Но мучился он недолго, совсем скоро хозяйка поставила перед ним тарелку с дымящейся картошкой и вручила бутылку с водкой: открывай! Он долго возился, отвинчивая колпачок, но в граненые стаканчики налил аккуратно, по самые края. «Глаз — алмаз!» — похвалила женщина и выдохнула: «Ну, Коля, за встречу!»
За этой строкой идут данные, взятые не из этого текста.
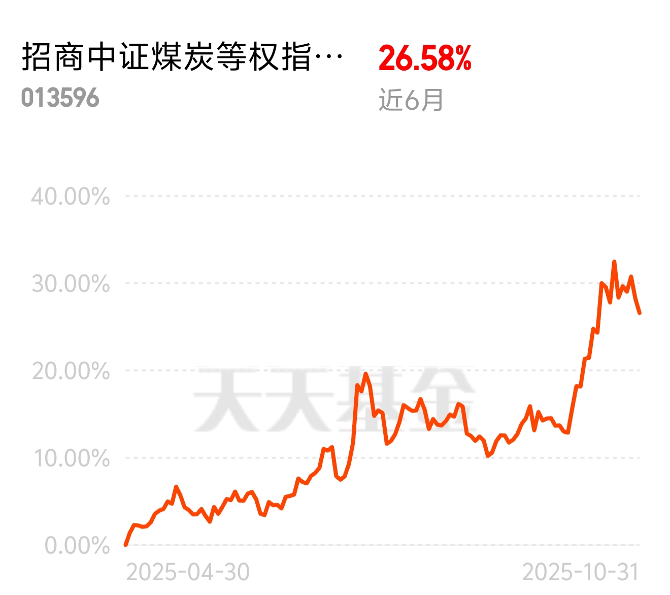 煤炭板块的技术面走好,低点抬高,走势稳,四季度技术面支撑涨。$招商中证煤炭等权指数(LOF)C$ 近6个月26.58%,技术面支撑涨势稳。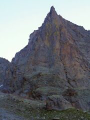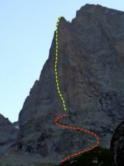 Prima volta in questa valle che presenta un ambiente straordinario, soprattutto per gli amanti dell’arrampicata su roccia. L’avvicinamento richiede circa 1h30′ e c’è un cenno di sentiero nell’ultimo tratto della pietraia, sullo zoccolo finale il percorso è segnalato da piccoli ometti. La via richiede un’arrampicata fisica, più che altro su diedri, generalmente ben appigliati. La via è molto evidente, anche perchè si trovano diversi chiodi datati, molti dei quali di dubbia tenuta… ma è però ben proteggibile con friends (1 set dal 0,4 al 3 -C4 BD è sufficiente) e soprattutto con fettucce (in particolare nel penultimo tiro dove si trovano blocchi incastrati e spuntoni).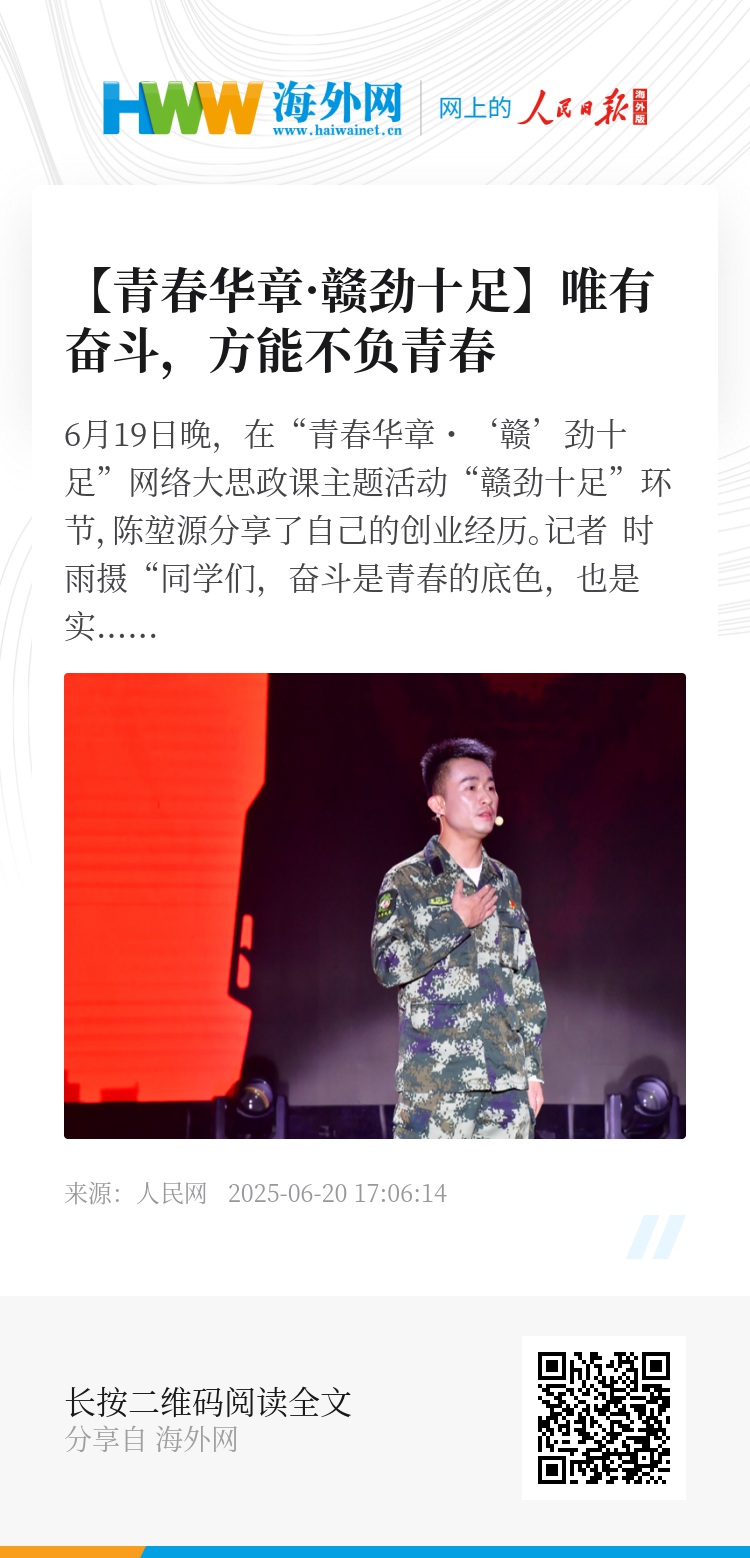 6月19日晚,在“青春华章・‘赣’劲十足”网络大思政课主题活动“赣劲十足”环节,2025年度中国青年五四奖章获奖者、江西兵哥送菜实业有限公司董事长陈堃源,身着迷彩服,以一堂饱含热血与情怀的“奋斗课”,为青年学子们点亮了逐梦前行的精神灯塔。

Коля? Она что, не видит, он никакой не Коля? Как же так можно обознаться? И вспомнилось: девушка Надя, чего тебе надо? Нет, зачем же так грубо, он ведь сам пошёл за ней, вот и выпьет с удовольствием. А почему нет? Только после маленькой рюмки сразу закружилась голова. И правильно: к чёрту еду, это потом, потом! Надя говорит, что знает его, вот и хорошо, и он готов вспомнить то, чего не было. Или было? Сейчас он обнимет её и всё само вспомнится… Она такая беленькая, толстенькая, совсем как булочка и пахнет ванилью…
И тут разгорячённые мужские мысли прервал крик. Там, в доме, кто-то отчаянно плакал. Ребёнок? Надя с досадой вскочила с дивана: «Я счас!» и бросилась к зелёной двери. Ушла и пропала, но это почему-то не беспокоило гостя, он уже переключился на еду: нет, есть без хозяйки не будет, ну, разве только огурчик попробует. И достал из синей миски большой такой жёлтый огурец, и разрезал его пополам, и посыпал серой солью и долго, до белой пены, тёр половинки. Огурец громко хрустел на зубах и он не сразу заметил, как женщина вернулась. А Надя села рядом и всё смотрела на него с какой-то странной улыбкой. Наконец, поняла, что он не Николай?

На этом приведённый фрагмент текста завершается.